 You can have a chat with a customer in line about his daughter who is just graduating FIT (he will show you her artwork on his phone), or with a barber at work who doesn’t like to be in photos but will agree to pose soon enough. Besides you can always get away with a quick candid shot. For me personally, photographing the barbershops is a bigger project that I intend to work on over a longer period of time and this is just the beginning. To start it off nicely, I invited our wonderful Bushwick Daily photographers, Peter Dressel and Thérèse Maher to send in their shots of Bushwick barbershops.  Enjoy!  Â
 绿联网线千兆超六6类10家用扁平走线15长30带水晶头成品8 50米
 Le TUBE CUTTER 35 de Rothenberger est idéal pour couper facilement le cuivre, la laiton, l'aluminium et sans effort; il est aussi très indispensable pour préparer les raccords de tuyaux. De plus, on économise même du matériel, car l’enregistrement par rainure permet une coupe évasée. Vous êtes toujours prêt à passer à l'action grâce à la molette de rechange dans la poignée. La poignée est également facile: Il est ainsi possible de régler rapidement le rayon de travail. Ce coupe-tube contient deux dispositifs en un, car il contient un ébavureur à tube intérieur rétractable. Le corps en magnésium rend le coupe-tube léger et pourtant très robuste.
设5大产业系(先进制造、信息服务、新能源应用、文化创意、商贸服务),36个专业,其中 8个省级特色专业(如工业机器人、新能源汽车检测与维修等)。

* * *

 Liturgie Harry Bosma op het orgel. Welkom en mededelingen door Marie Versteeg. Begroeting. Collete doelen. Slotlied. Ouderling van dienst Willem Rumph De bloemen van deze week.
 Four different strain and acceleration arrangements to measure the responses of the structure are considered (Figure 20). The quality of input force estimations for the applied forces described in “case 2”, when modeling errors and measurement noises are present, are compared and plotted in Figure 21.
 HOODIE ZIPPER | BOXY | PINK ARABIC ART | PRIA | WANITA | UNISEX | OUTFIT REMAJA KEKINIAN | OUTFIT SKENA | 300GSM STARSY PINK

● How to complete this task: Please copy the lines in the records above between the one holding "Liturgie Harry Bosma" and the one holding "HOODIE ZIPPER |", inclusive, exactly and with no other line.

● Answer to this task:
 Liturgie Harry Bosma op het orgel. Welkom en mededelingen door Marie Versteeg. Begroeting. Collete doelen. Slotlied. Ouderling van dienst Willem Rumph De bloemen van deze week.
 Four different strain and acceleration arrangements to measure the responses of the structure are considered (Figure 20). The quality of input force estimations for the applied forces described in “case 2”, when modeling errors and measurement noises are present, are compared and plotted in Figure 21.
 HOODIE ZIPPER | BOXY | PINK ARABIC ART | PRIA | WANITA | UNISEX | OUTFIT REMAJA KEKINIAN | OUTFIT SKENA | 300GSM STARSY PINK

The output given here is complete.